= List of Liliaceae genera =

The List of Liliaceae genera has been much reduced by modern molecular phylogenetic based taxonomy. The current taxonomy of Liliaceae treats the family Liliaceae as having three subfamilies, with the Liliodeae being further subdivided into two tribes, the Medeoleae and Lilieae. The family Liliaceae consists of fifteen genera and approximately 600 species in all.

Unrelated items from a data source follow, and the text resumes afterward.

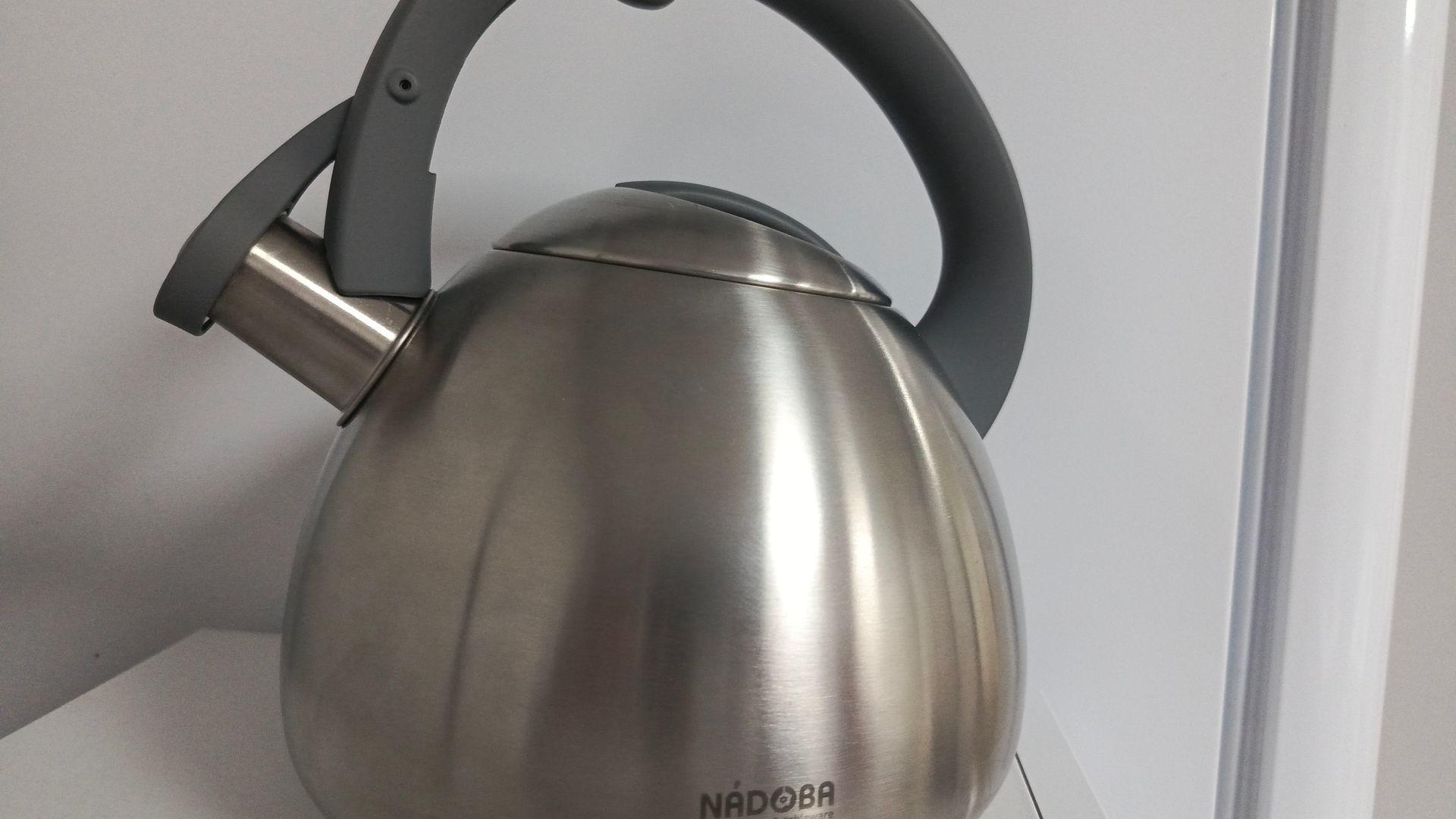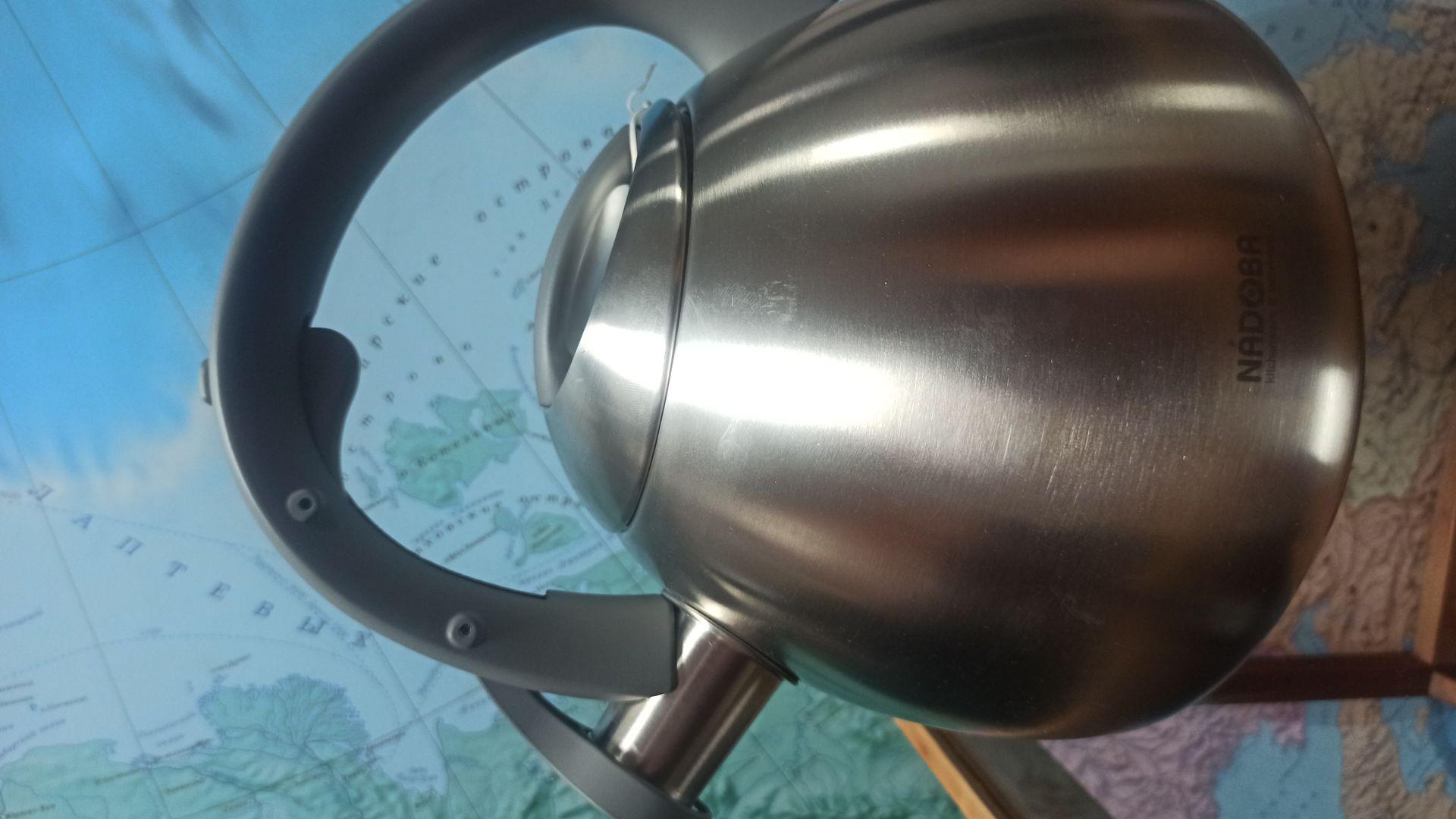 Лаконичный дизайн, именно такой и хотела. Ручка сделана из бакелита - не нагревается. Свисток из такого же материала. Покрытие довольно надежное - ничего не царапается после мойки даже грубыми губками. Накипи нет, потому что вода у нас + - хорошая. Я пользуюсь им каждый день, а как будто вчера купила, такой же блестящий.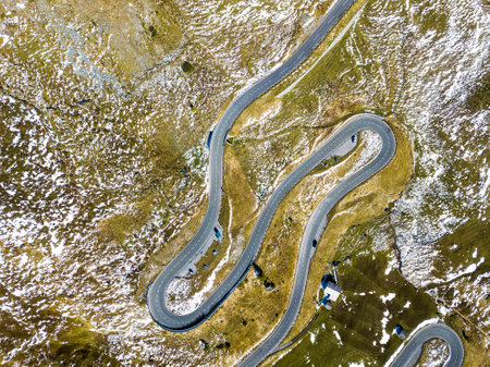 Aerial view of Grossgloknerstrasse in snow. Great high mountain road near Grossglokner mount in the Austrian Alps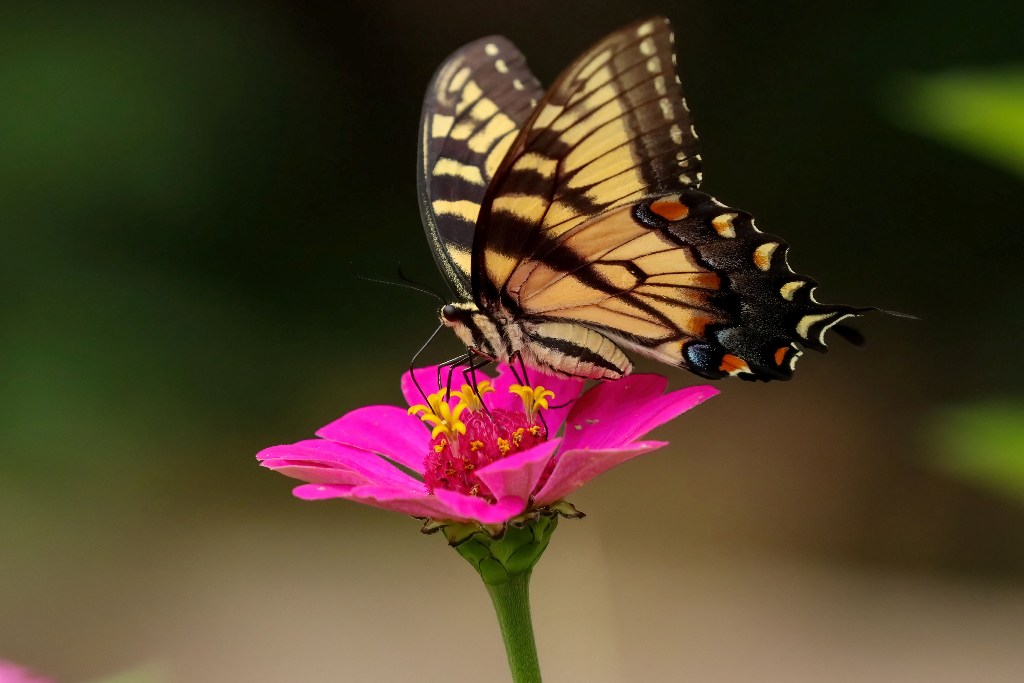 I noticed a lovely female Tiger Swallowtail flitting about in the front yard yesterday, mostly sipping from the Zinnias.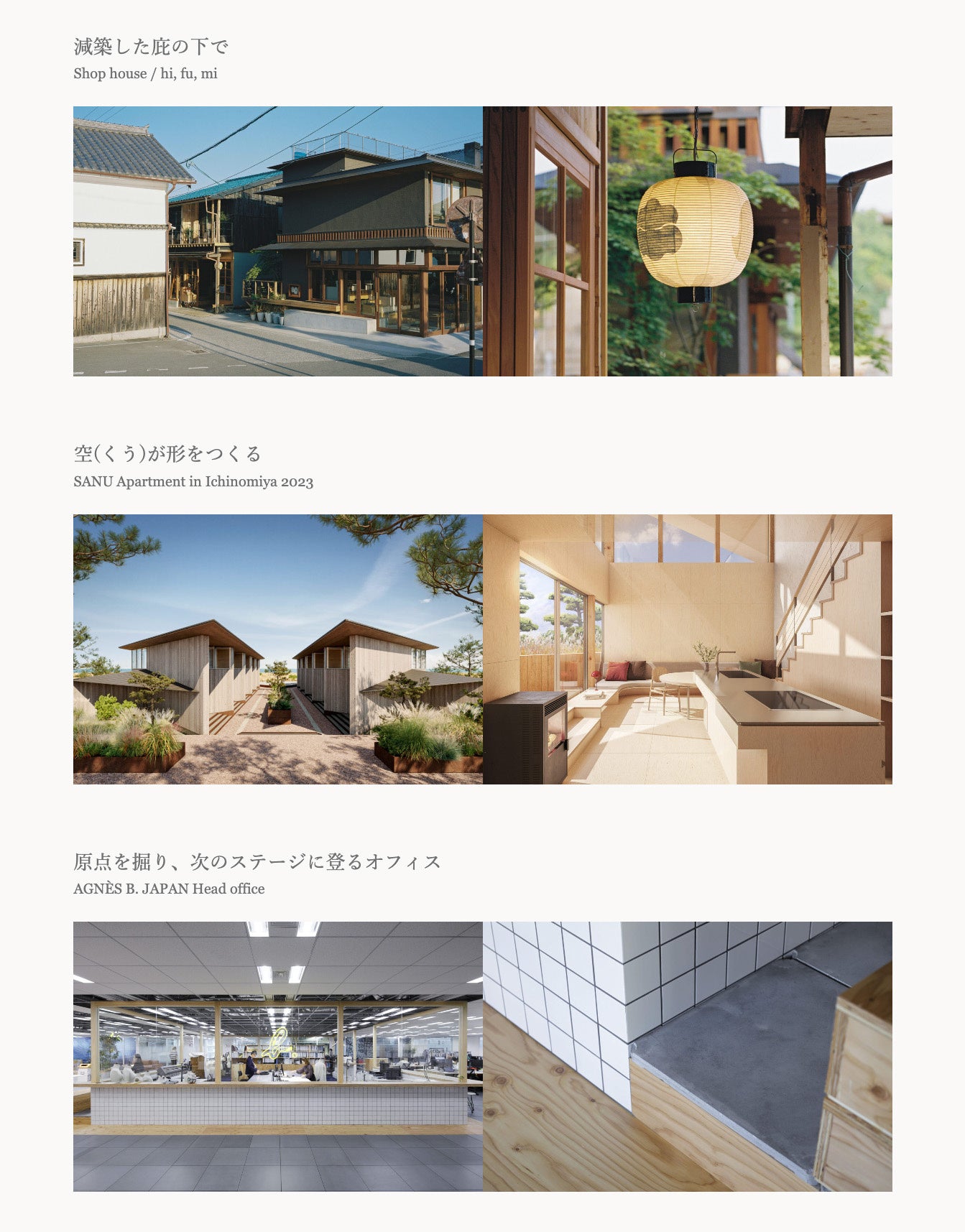 代表作に SANU Apartment in Ichinomiya 2023, sequence MIYASHITA PARK, IWAI OMOTESANDO,KAZAKOSHI Residence,DANDELION CHOCOLATE( 2017~),% ARABICA(2013年~2019年) など。
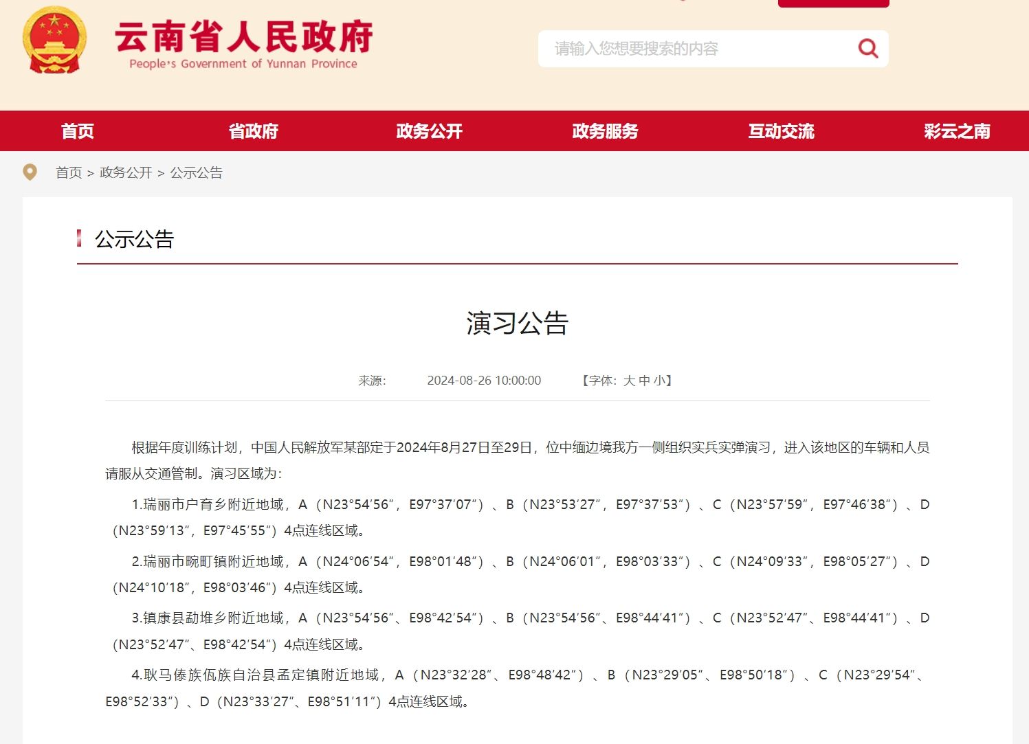根据年度训练计划,中国人民解放军某部定于2024年8月27日至29日,位中缅边境我方一侧组织实兵实弹演习,进入该地区的车辆和人员请服从交通管制。演习区域为: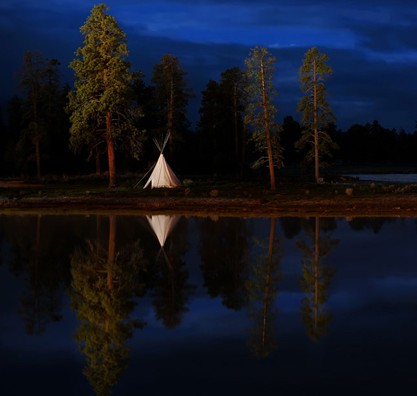 The teepee is constructed at the edge of a lake, reflecting a perfect mirror image in the water. This image is representative of the illusions created by Man and Religion and Source. It’s also representative of the negative hollow side of Life’s Paths. The top of the teepee, where the poles/paths meet …then break off again to form another path and then into open space or nothingness.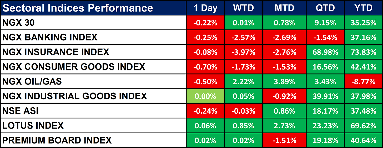 The table below depicts that the NGX sectoral indices closed mixed, with most sectors posting slight daily losses. Insurance remains the strongest performer YTD (+73.83%), followed by Lotus (+69.62%) and Consumer Goods (+42.41%).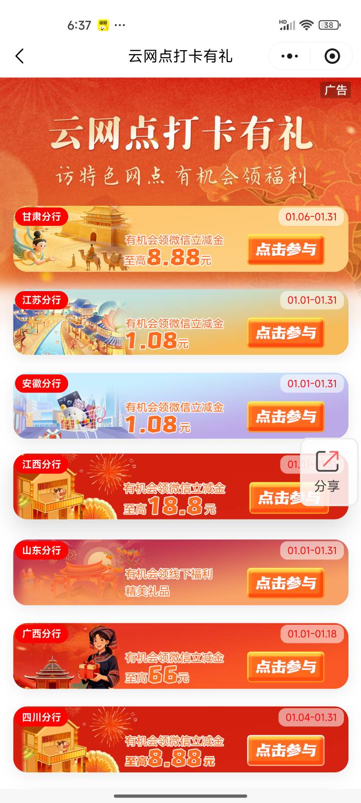 大妈小程序打卡立减金活动#小程序://工行服务/SOH7qq4Q7GF3ihH

== List of genera by subfamilial divisions ==

List of genera of family Liliaceae, arranged by Subfamilies and Tribes according to the Angiosperm Phylogeny Website and Angiosperm Phylogeny Group
| Subfamily | Tribe | Genus | Image |
| Lilioideae Eaton | Medeoleae Benth. (synonyms: Medeolaceae Takht., Medeoloideae Benth.) | Clintonia Raf. - bead lilies | Clintonia borealis |
| Medeola Gronov. ex L. - Indian cucumber-root | Medeola virginiana |
| Lilieae s.l. Ritgen (synonyms: Erythroniaceae Martinov, Fritillariaceae Salisb., Liriaceae Borkh., Tulipaceae Borkh.) (Some classifications place Tulipa and Erythronium into a separate tribe: Tulipeae with the remaining genera in Lilieae s.s.)| | Amana Honda | Amana edulis |
| Cardiocrinum (Endl.) Lindl. - giant lilies | Cardiocrinum giganteum |
| Fritillaria Tourn. ex L. – fritillary or mission bells | Fritillaria crassifolia |
| Gagea Salisb. (including Lloydia Salisb. ex Rchb.) – yellow star-of-Bethlehem | Gagea lutea |
| Lilium Tourn. ex L. (including Nomocharis Franch.) – lily | Lilium candidum |
| Notholirion Wall. ex Boiss. | Notholirion macrophyllum |
| Tulipa L. – tulip | Tulipa aucheriana |
| Erythronium L. – trout lily | Erythronium sibiricum |
| Calochortoideae Dumort. (synonyms: Calochortaceae Dumort., Compsoaceae Horan., nom. illeg., Tricyrtidaceae Takht., nom. cons.) |  | Calochortus Pursh - mariposa, globe lilies | Calochortus catalinae |
| Tricyrtis Wall. – toad lily | Tricyrtis hirta |
| Streptopoideae (synonym: Scoliopaceae Takht.) |  | Prosartes D.Don – drops of gold | Prosartes hookeri |
| Scoliopus Torr. – Fetid Adder's Tongue | Scoliopus bigelovii |
| Streptopus Michx. – twistedstalk | Streptopus lanceolatus |
The situation with respect to Calochortoideae remains uncertain. Originally Calochortus and Tricyrtis were considered to be sister clades and placed together in subfamily Calochortoideae. Further study has not confirmed this and it has been proposed that Tricyrtis be placed in a separate subfamily.